The S3 plate allows the use of smooth pegs rather than threaded screws for subchondral support, which has several theoretical advantages. Smooth pegs offer thicker core diameter for increased strength compared with screws and reduce the risk of articular penetration from humeral head collapse. A biomechanical study by Schumer et al.  was focused on this relationship and they detected no significant difference between smooth pegs and threaded screws in S3 plates for humeral head under cyclic compression and torsion in an unstable two-part fracture. Yamamoto et al. , however, recorded significantly less distal fragment displacement for cadaveric humeri treated with an S3 plate with smooth pegs than those treated with Synthes locking plate with threaded pegs. However, no significant difference was found for the two fixation methods in torsion tests. Because the authors used two different plates, it was difficult to determine whether this difference was due to the use of smooth pegs or the different screw orientation of the two plates or the more distal placement of the S3 plate.
While conventional locking plates have generally been reported to exhibit superior mechanical performances over non-locking plates, they have been shown to be statistically similar in performance to the S3 plate and plates with polyaxial locking screws. Cement augmentation and insertion of calcar support, both in form of screws or allografts, increase mechanical performance of plates whereas semi-rigid plates achieve reduced stiffness.
The discussion of the results has been divided based on the three research questions.
Protocol design for in vitro biomechanical testing
There is a strong incentive for devising in vitro biomechanical studies that represent the in vivo situation more accurately, allowing one to foresee and prepare for the potential risk of failure. This has particularly been the case after the advent of locking PHPs. In vitro studies revealed superior biomechanical performance of locking PHPs over non-locking PHPs but clinical trials showed a different picture, laden with more cases of post-operative complications for locking plates. Interpreting results from clinical literature can be a challenge when assessing how well an in vitro biomechanical test represents clinical scenario. Multiple factors and uncertainties such as patient’s medical history and lifestyle contribute to final clinical outcome.

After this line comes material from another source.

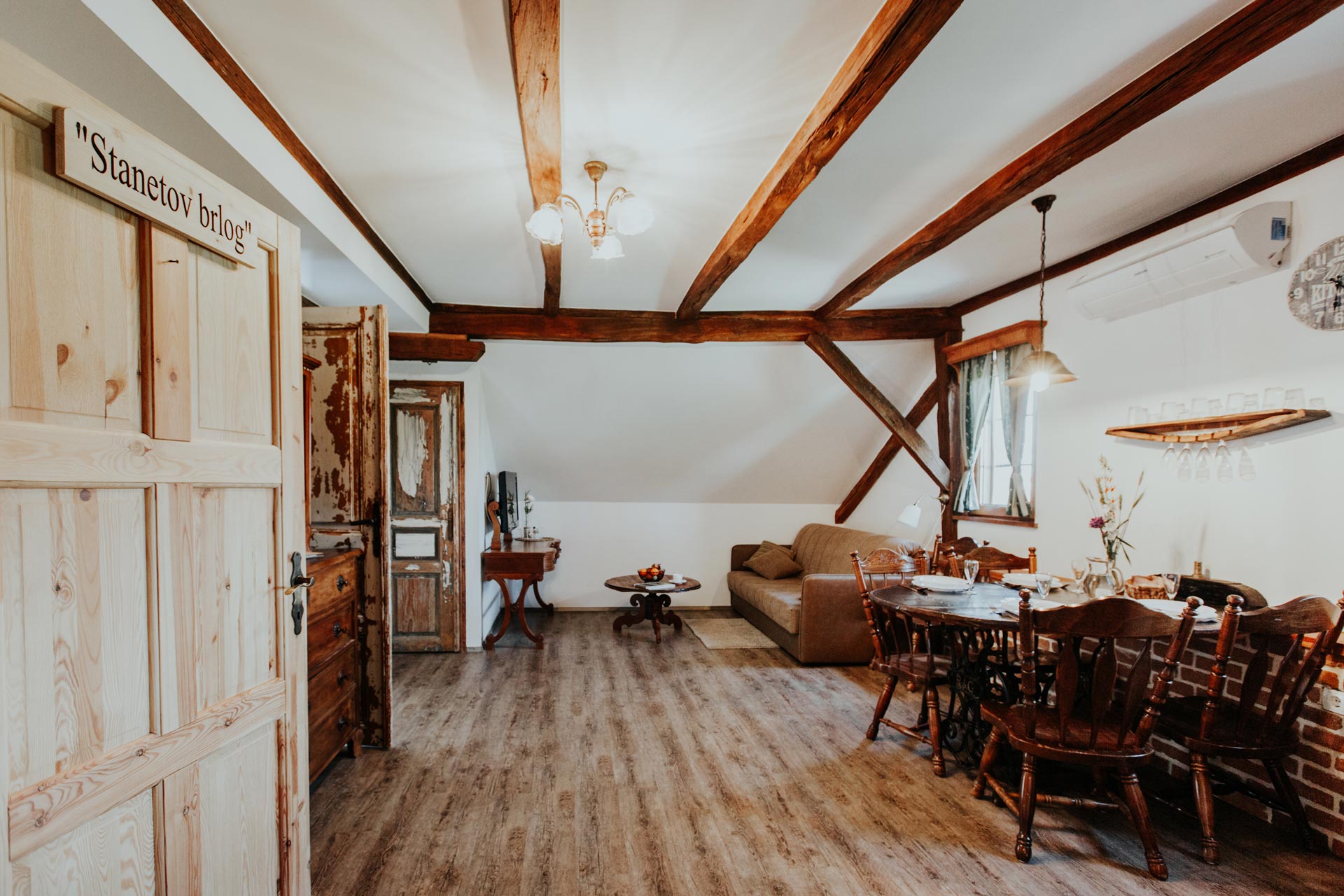 Apartmani nalaze se u renoviranoj seoskoj kući, a možete birati između Francove (7 osoba) ili Stanetove jazbine (5 osoba). Svi apartmani opremljeni su besplatnim bežičnim internetom, TV-om ravnog ekrana s kabelskim programima, klima uređajem i grijanjem. Svaki apartman također ima dobro opremljenu kuhinju i odvojenu spavaću sobu. Ispred kuće se nalaze besplatni parking, puno travnatih površina za kretanje, rekreaciju, piknike i druge aktivnosti na otvorenom. U toplijim danima priuštite si skok u vanjski bazen ili se tuširati pod vanjskim tušem. U slučaju lošeg vremena unutar objekta postoji zajednički prostor za druženje uz stolni nogomet, pikado, biljar i bar.

One approach to assess clinical applicability of an in vitro biomechanical test is to study the source of its loading conditions. Many in vitro studies took the step of applying physiological load values and angles that had been determined in previous studies. In particular, a large number of the studies involving combined bending and axial loading applied load 20° away from the shaft axis. This was because it had been found by Inman et al.  and Poppen and Walker  that loading at this angle produces the maximal axial and shear load to the humerus during a movement similar to the early active abduction. As for the glenohumeral contact forces, there is a notable example of their first in vivo measurements which were conducted by Bergmann et al. [76, 77]. Authors implanted telemeterised shoulder implants on a patient with arthrosis for the measurements of the post-implantation contact forces during activities of daily living and this formed the basis for six studies [39, 43–45, 68, 78]. Furthermore, there was a noticeable increase in the complexity and variety of in vivo-based loading conditions for the humerus-tendon testing studies despite the fact that there were only eleven of them. Prime examples of this were the studies by Voigt et al. where RASS (robot-assisted shoulder simulator) and hydraulic systems were used to control the pull of several muscles. Loading conditions for these muscles had been defined in previous studies such as those by Klages et al.  and Kedgley et al. . Similar systems have also been used by Walsh et al.  and Osterhoff et al. . These studies had the clear advantage of pulling the intact tendons often at the anatomical insertion points, as found in vivo.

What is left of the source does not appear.